TASK INSTRUCTIONS:
Copy the opening lines of the listing exactly, through and including the line with "Серьги-пусеты со вставками"; do not copy any pictures.

DATA SHOWN:

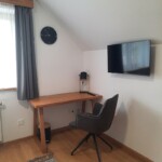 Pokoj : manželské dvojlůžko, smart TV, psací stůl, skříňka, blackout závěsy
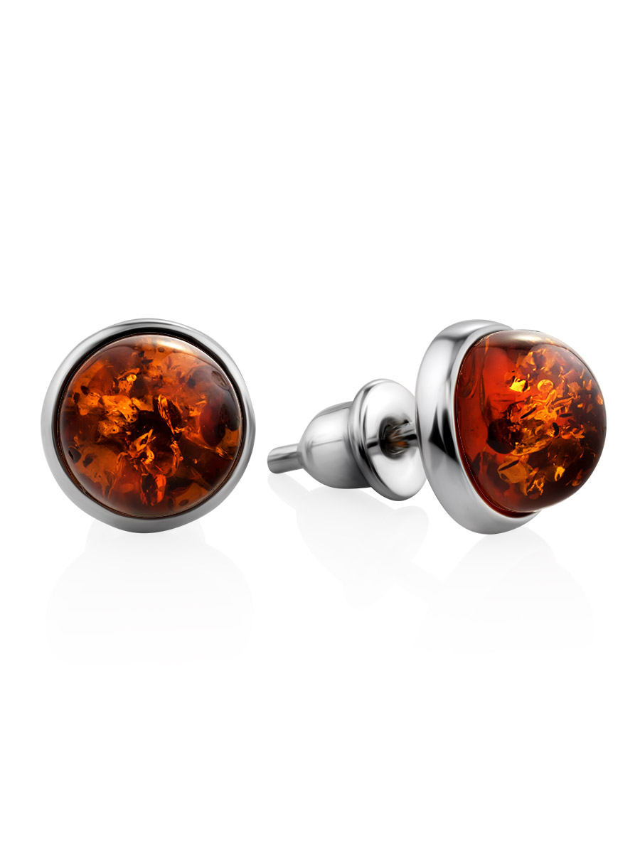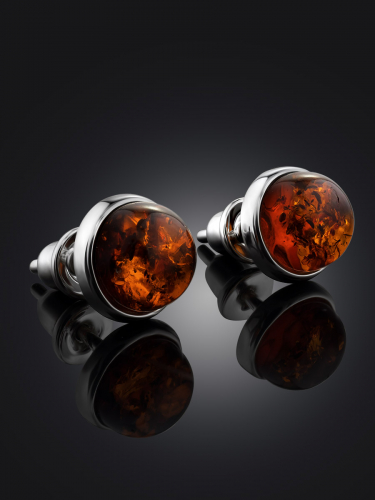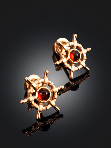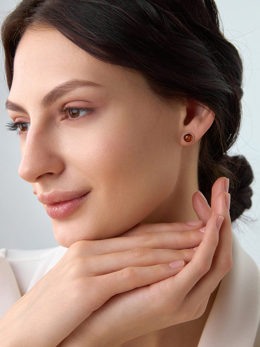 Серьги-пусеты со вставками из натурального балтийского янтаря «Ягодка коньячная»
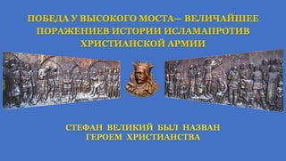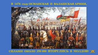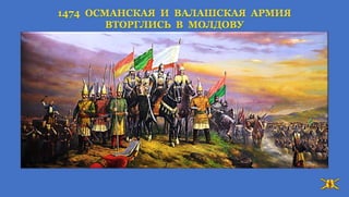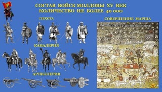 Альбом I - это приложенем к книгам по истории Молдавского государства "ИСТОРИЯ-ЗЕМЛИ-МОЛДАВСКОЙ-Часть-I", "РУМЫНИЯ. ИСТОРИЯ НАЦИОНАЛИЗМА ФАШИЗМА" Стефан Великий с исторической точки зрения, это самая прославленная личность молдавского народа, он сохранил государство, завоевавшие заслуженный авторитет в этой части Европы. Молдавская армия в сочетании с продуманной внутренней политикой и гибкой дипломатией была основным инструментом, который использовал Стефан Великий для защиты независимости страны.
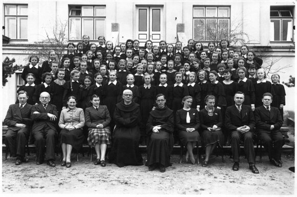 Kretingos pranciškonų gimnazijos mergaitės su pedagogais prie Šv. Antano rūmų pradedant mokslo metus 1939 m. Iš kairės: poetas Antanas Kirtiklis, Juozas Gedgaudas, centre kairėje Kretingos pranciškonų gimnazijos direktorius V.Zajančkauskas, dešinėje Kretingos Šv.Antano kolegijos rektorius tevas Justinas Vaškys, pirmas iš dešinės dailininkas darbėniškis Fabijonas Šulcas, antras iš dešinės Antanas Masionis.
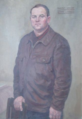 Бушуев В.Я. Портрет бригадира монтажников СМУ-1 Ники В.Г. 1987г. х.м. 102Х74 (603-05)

EXERCISE SOLUTION:
 Pokoj : manželské dvojlůžko, smart TV, psací stůl, skříňka, blackout závěsy
 Серьги-пусеты со вставками из натурального балтийского янтаря «Ягодка коньячная»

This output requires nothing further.